Conclusion: Designing AI as an Incremental Capability

Client Portal 2.0 demonstrates that when AI is designed around strong identity, permission-aware retrieval, and validation layers, it becomes deployable as an incremental capability rather than a risky add-on.

By combining:

  • Secure identity with Azure AD B2C/Entra External ID and token-based claims to anchor every AI action to a verified user and tenant
  • Strict data access boundaries that restrict retrieval and RAG to only those documents a client is permitted to access
  • Multi-layer prompt safety using heuristic filters, policy-driven semantic checks, and output validation to reduce prompt injection and data leakage risks
  • Backend orchestration with defense-in-depth checkpoints, treating the mobile client as an untrusted interface

this architecture makes AI a controllable service layer that can be activated progressively—starting with basic guardrails for small teams and scaling to advanced controls (semantic safety services, confidential computing) as risk profiles and regulatory requirements evolve.

What This Architecture Delivers:

For clients:  

  • Faster resolution of routine inquiries through contextual, permission-scoped answers
  • Self-service access to account-specific information without navigating hierarchical menus
  • Consistent experience across mobile and desktop platforms

For security and compliance teams:

  • Enforceable data boundaries at the API and database layers, not reliant on AI behavior
  • Auditable records of every AI interaction, including identity claims, retrieved documents, and final responses
  • Clear separation of concerns: identity handled by Entra, authorization by backend APIs, and content safety by dedicated guardrail layers

What's Missing: Enterprise-Grade Observability and Governance

This post focuses on the security and identity architecture required to deploy AI safely. However, production-grade systems also require robust observability and governance layers to maintain operational control and meet regulatory audit requirements:

  • Distributed Tracing (OpenTelemetry):
    Instrument the entire AI request pipeline with correlation IDs and tracing spans so you can diagnose latency bottlenecks, track requests across services (API gateway → retrieval → LLM → validation), and troubleshoot failures end-to-end.
  • Redacted Prompt Logging:
    Log all user prompts and AI responses to durable storage but redact PII and sensitive data before writing logs. This enables security analysis and anomaly detection while respecting data privacy regulations.
  • Model and Prompt Version Control:
    Track which LLM model version, system prompt template, and retrieval configuration was used for each interaction. When you update prompt logic or switch models, version control ensures you can trace behavior changes and roll back if necessary.
  • Audit-Friendly Retention Policies:
    Define retention windows for logs, prompts, and responses that align with regulatory requirements (e.g., GDPR's right to deletion vs. financial services' multi-year audit trails). Implement automated archival and secure deletion workflows.
  • Guardrail Performance Metrics:
    Monitor false positive and false negative rates for prompt safety checks, response validation failures, and permission denials. These metrics help you tune guardrail sensitivity and identify gaps in your threat model.

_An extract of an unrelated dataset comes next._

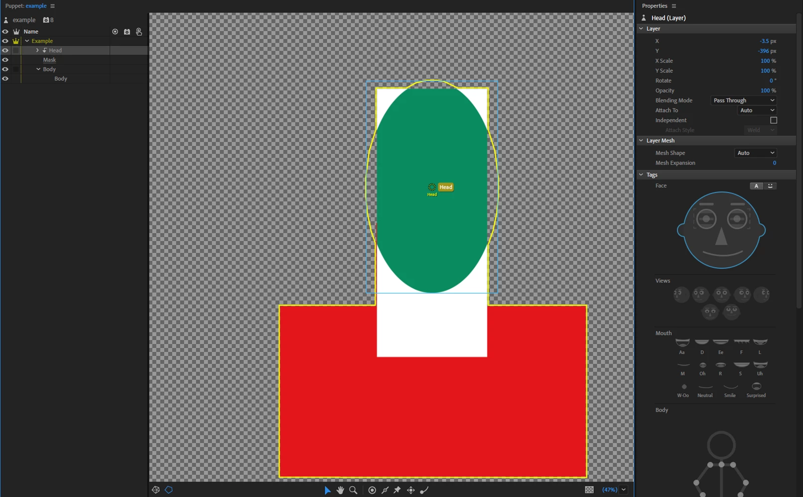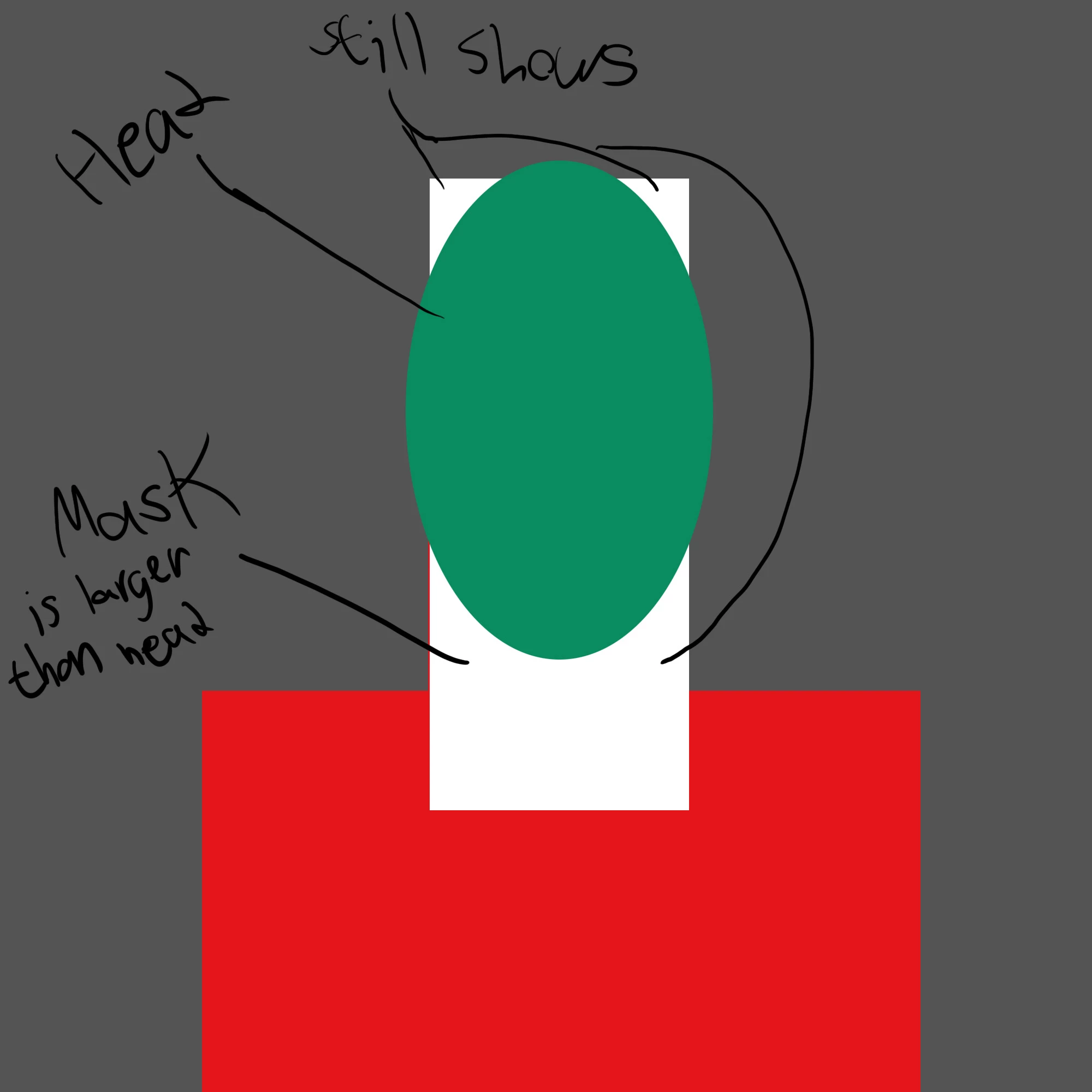 Confused? Try it yourself. I'll use geometric shapes to make it easy. Make a puppet, make the head a (color) circle, make a white mask under the head a square, larger than the circle. Make a square body. Rig it up and look in the record, you still see the mask as you look around. Now try to hide the mask, if you figure out how, please tell me.

Without these observability and governance controls, even a well-architected AI system becomes difficult to operate, debug, and audit at scale. Treat them as essential infrastructure-not optional add-ons.

Final Takeaway

The Client Portal 2.0 blueprint is incremental: small teams can start with .NET MAUI, Azure B2C, role-based data boundaries, and basic prompt validation, then add policy- driven semantic safety, API gateways, distributed tracing, and confidential computing as their scale, sensitivity, and regulatory requirements grow. The architecture supports this evolution because security, identity, and data access controls are enforced server-side, independent of the AI layer itself.

When you architect AI around these principles from the beginning-rather than bolting intelligence onto legacy systems-you gain a deployable, auditable, and scalable foundation for secure client self-service.